EXTRACTED INFORMATION:
◇ ◇ ◇ ◇ ◇ ◇ ◇
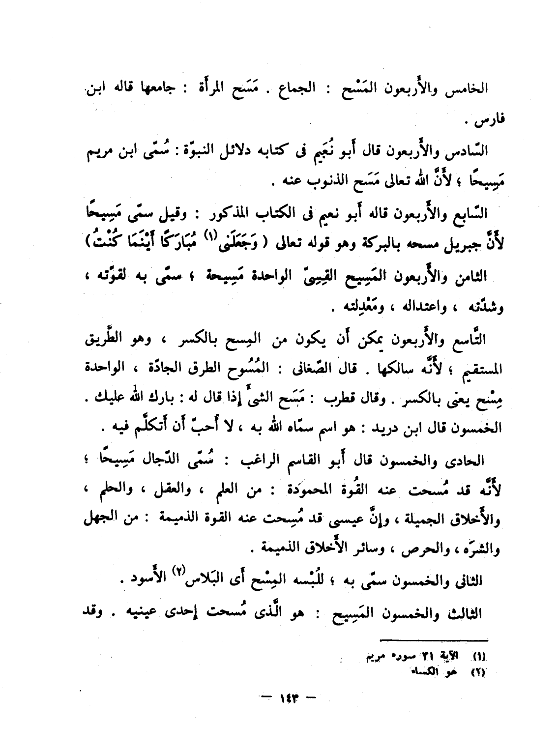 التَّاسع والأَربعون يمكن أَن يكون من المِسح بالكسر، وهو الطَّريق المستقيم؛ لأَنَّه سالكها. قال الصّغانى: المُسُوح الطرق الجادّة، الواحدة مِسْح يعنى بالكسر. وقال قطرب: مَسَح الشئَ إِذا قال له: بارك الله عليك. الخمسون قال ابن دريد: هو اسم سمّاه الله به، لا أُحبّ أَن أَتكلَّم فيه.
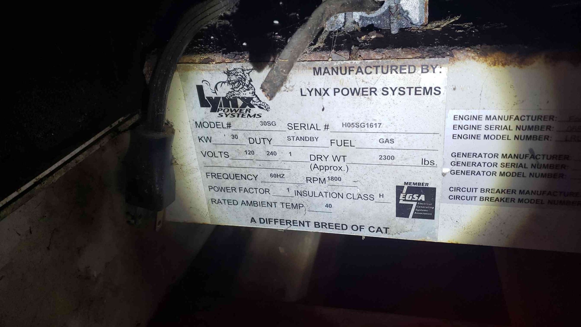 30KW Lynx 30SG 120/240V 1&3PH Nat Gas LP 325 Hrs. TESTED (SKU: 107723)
◇ ◇ ◇ ◇ ◇ ◇ ◇
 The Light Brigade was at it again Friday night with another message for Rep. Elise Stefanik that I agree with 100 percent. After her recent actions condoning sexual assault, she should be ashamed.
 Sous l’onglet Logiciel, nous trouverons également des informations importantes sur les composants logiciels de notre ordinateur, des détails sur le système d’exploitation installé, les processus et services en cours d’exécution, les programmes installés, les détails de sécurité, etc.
◇ ◇ ◇ ◇ ◇ ◇ ◇
WHAT YOU ARE ASKED TO DO: Take the entries above and copy exactly the lines starting at the one with "التَّاسع والأَربعون يمكن" and ending at the one with "30KW Lynx 30SG"; nothing outside that span, and no pictures.

EXERCISE OUTPUT:
 التَّاسع والأَربعون يمكن أَن يكون من المِسح بالكسر، وهو الطَّريق المستقيم؛ لأَنَّه سالكها. قال الصّغانى: المُسُوح الطرق الجادّة، الواحدة مِسْح يعنى بالكسر. وقال قطرب: مَسَح الشئَ إِذا قال له: بارك الله عليك. الخمسون قال ابن دريد: هو اسم سمّاه الله به، لا أُحبّ أَن أَتكلَّم فيه.
 30KW Lynx 30SG 120/240V 1&3PH Nat Gas LP 325 Hrs. TESTED (SKU: 107723)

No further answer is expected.